Arguably Karnataka’s most famous police officer, Sangliana is also the most well-known among people from the Northeast who made Karnataka their home. A tough officer who became a legend while in service, he has served as the Bangalore police commissioner and was tasked to nab forest brigand Veerappan. He was the theme of three Kannada hit movies — the second and third were sequels — named after him.
Stories about him and his exploits, real and apocryphal, abound. Among them is one that three non-Mizos in Karnataka legally changed their names to Sangliana, taking him as their role model. The 1967-batch IPS officer became known as a “giant killer” when he defeated Congress veteran C K Jaffer Sharief in the 2004 Lok Sabha polls on a BJP ticket from Sharief’s bastion, Bangalore North.
Based in Delhi since the end of 2009 after he was appointed vice-chairperson of the National Commission for Minorities, Sangliana said he was in Bangalore on August 15 on a private visit when people from the Northeast began fleeing the city. “Some trouble had started on August 12 itself,” Sangliana told The Indian Express, citing calls he got from northeastern people in the city as well as information passed on by a daughter who lives in Bangalore.

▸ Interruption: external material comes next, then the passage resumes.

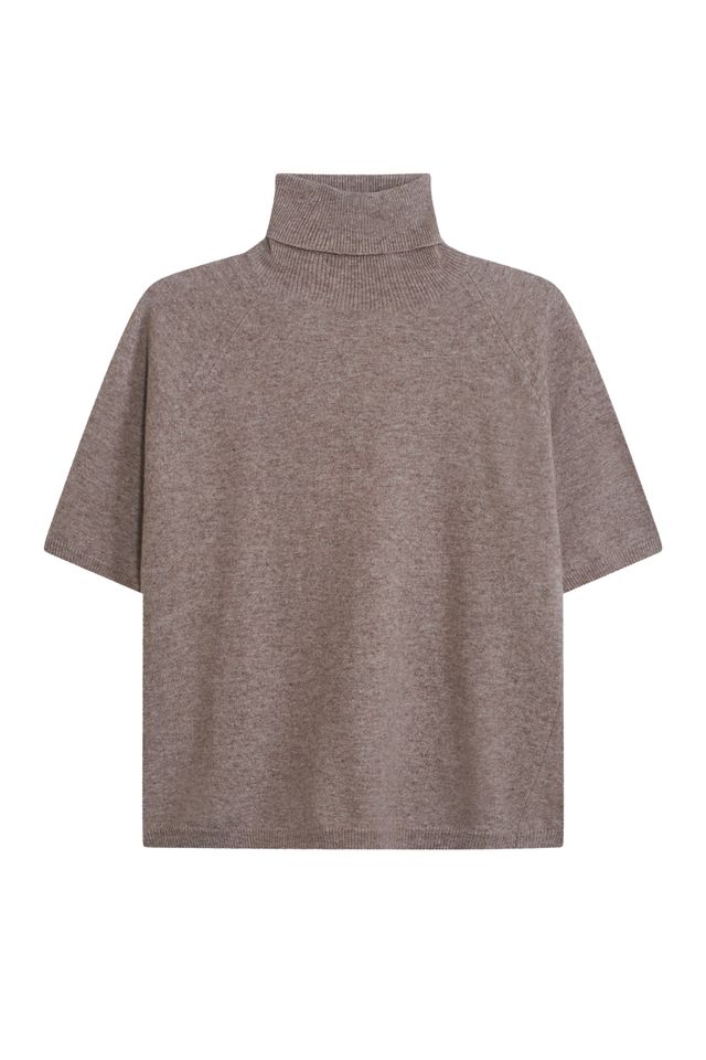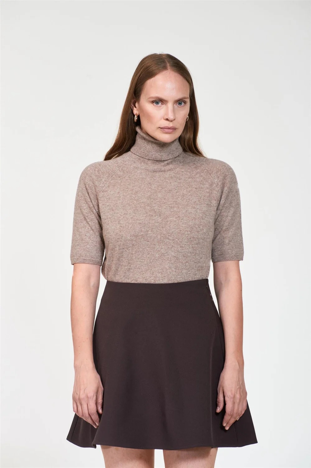 Elegant, kortermet strikkegenser med høy hals i en tørr men myk og slitesterk ullblanding.

“Besides the rumours about imminent attacks, there were complaints of some Muslim boys stopping Mizo students and asking where they came from. Some others were teased or verbally threatened. One man called me up and said that some boys on a bike had shouted expletives at his wife,” Sangliana said. “Many such incidents were reported from several localities. In some places, swords and clubs were brandished, I am told.”